Jika kekuatan cinta tercecer di beberapa tempat, maka
kekuatan cinta itu akan melemah. Hal ini
pasti terjadi. Perhatikan makna firman
Allah Subhanahu wa Ta’ala
berikut,
“Hai Nabi, bertakwalah kepada Allah, dan janganlah kamu menuruti
(keinginan) orang-orang kafir dan orang-orang munafik. Sesungguhnya Allah Maha Mengetahui lagi Maha Bijaksana. Dan ikutilah apa yang diwahyukan Rabb-mu
kepadamu. Sesungguhnya Allah Maha Mengetahui apa yang kalian
kerjakan, dan
bertakwalah kepada Allah. Dan, cukuplah Allah sebagai
Pemelihara.”
(QS. Al-Ahzab; 1-3)
Perhatikan bagaimana Allah Subhanahu wa Ta’ala mengulang
perintah untuk bertakwa kepada-Nya, yang meliputi penunggalan-Nya dalam
mengikuti perintah-perintah dan larangan-larangan-Nya, sebagai cermin dari cinta,
ketakutan, sekaligus harapan terhadap-Nya.

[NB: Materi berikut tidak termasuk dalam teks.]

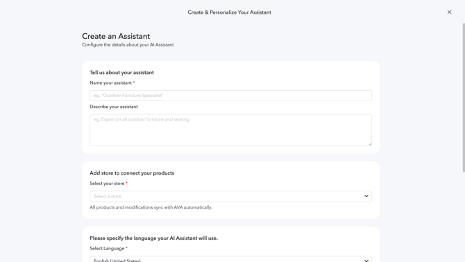 - Choose the language your AI Assistant will use to interact with shoppers.
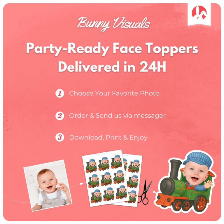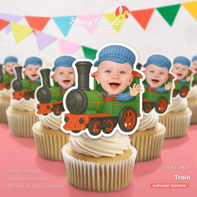 Transform your little one into the star engineer of their own railroad birthday with these expertly crafted custom train cupcake toppers. Featuring a classic green steam locomotive design with vibrant red wheels and a realistic smokestack, this decoration seamlessly integrates your baby’s photo wearing a traditional blue striped conductor’s hat. Perfect for "Choo Choo" themed celebrations or a vintage travel party, these toppers offer a high-quality, personalized element that elevates your dessert table visuals beyond generic store-bought supplies. Rather than settling for standard transport decor, these printable assets provide a unique, humorous, and heartwarming focal point suitable for toddlers and babies. The design is optimized for standard cupcakes, ensuring the vibrant colors pop in photos while remaining easy to cut and assemble at home.
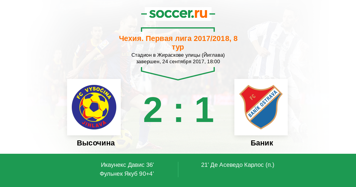Протокол матча Высочина против Баник
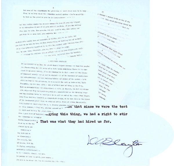 Boldly signed in blue ink at conclusion. Fine example. Accompanied by a signed statement by a colleague of Slayton’s who acquired it, that the manuscript was later incorporated into a book published about the Mercury missions.
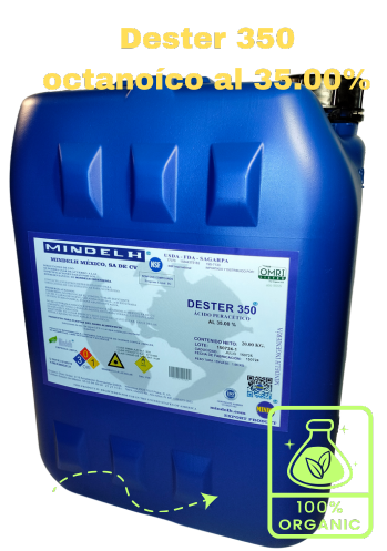 Dester 350 ácido peracético octanoíco al 35%, con espectro Biocida de 1 a 14, con una fuerza desifectante 10 veces mayor a los peracéticos normales, actúa en 15 segundos y protege hasta por 15 días por dosis. Oxígena mientras desinfecta.
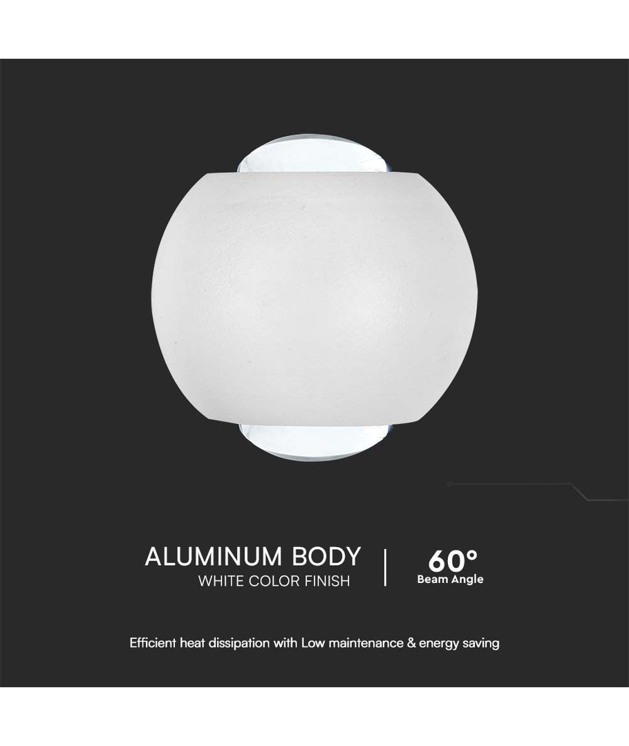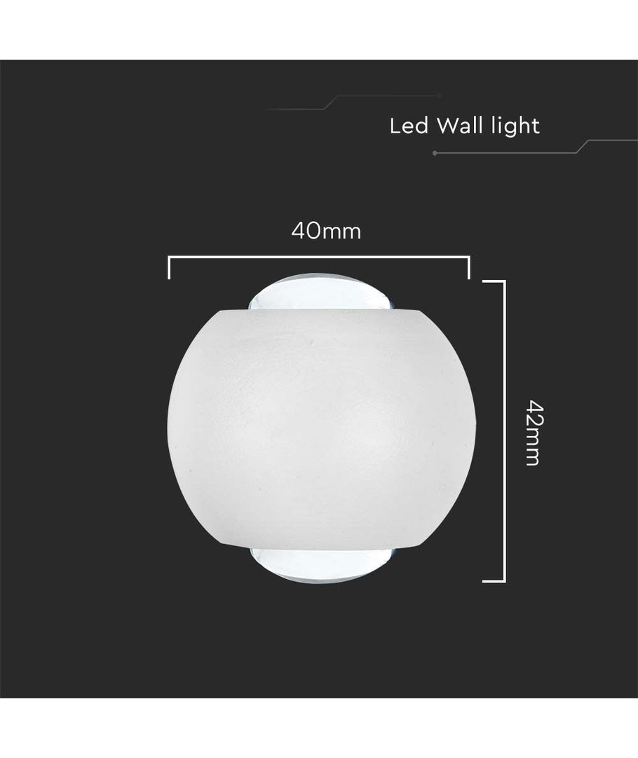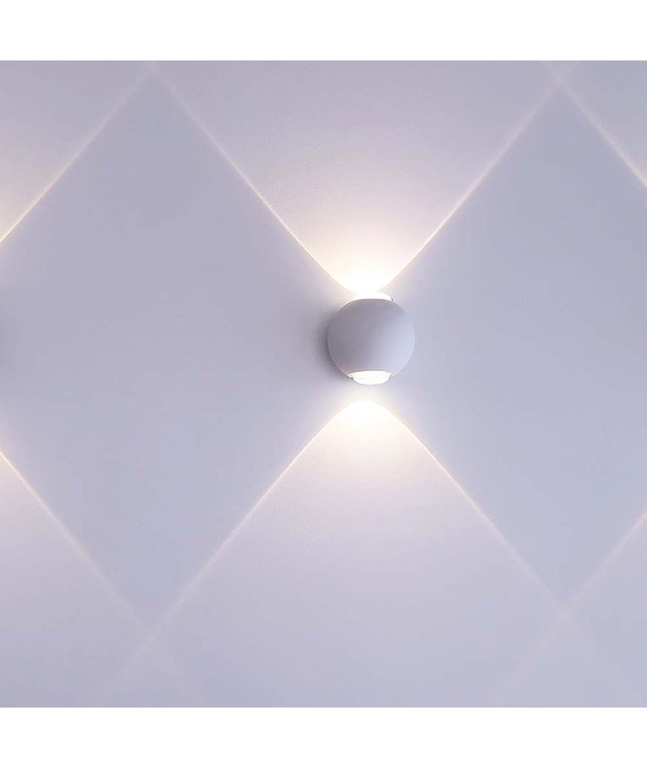 Den kompakta designen (42 x 40 mm) gör den enkel att installera och smälter lätt in i olika interiörer. Vägglampans vita hus ger den ett diskret och elegant utseende samtidigt som den är avancerad nog att tål fuktiga miljöer tack vare sin IP54-klassificering.
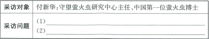 3. 2024年赏萤季开始筹划了。为了减少对萤火虫的伤害,研学小组准备向付新华博士进行采访。请你结合材料四帮助设计两个问题。
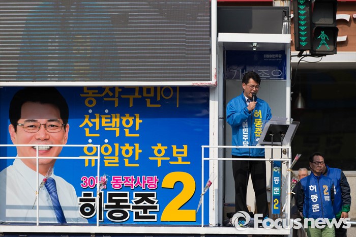 (서울=포커스뉴스) 20대 총선을 6일 앞둔 7일 오후 서울 동작구 남성역 골목시장 인근에서 허동준 더불어민주당 동작구을 후보가 선거유세를 하고 있다.

Takwa tidak akan menjadi sempurna melainkan dengan keadaan seperti ini,
dan mengikuti apa yang diwahyukan kepada Beliau (shallallahu 'alaihi wa sallam), yang juga menuntut agar Beliau
meninggalkan selain Allah. Takwa juga
harus disertai dengan tawakal, yang meliputi penyandaran hati kepada-Nya
semata, yakin, dan kecenderungan terhadap-Nya, serta mengabaikan
selain-Nya. Setelah itu Allah
berfirman lagi,
ما جعل الله لرجل من قلبين في جوفه /
“Maa ja’ala Allahu lirajulin min qalbaini fii jaufihi”
“Allah
sekali-kali tidak menjadikan bagi seseorang dua buah hati di dalam rongganya.” (Al-Ahzab; 4)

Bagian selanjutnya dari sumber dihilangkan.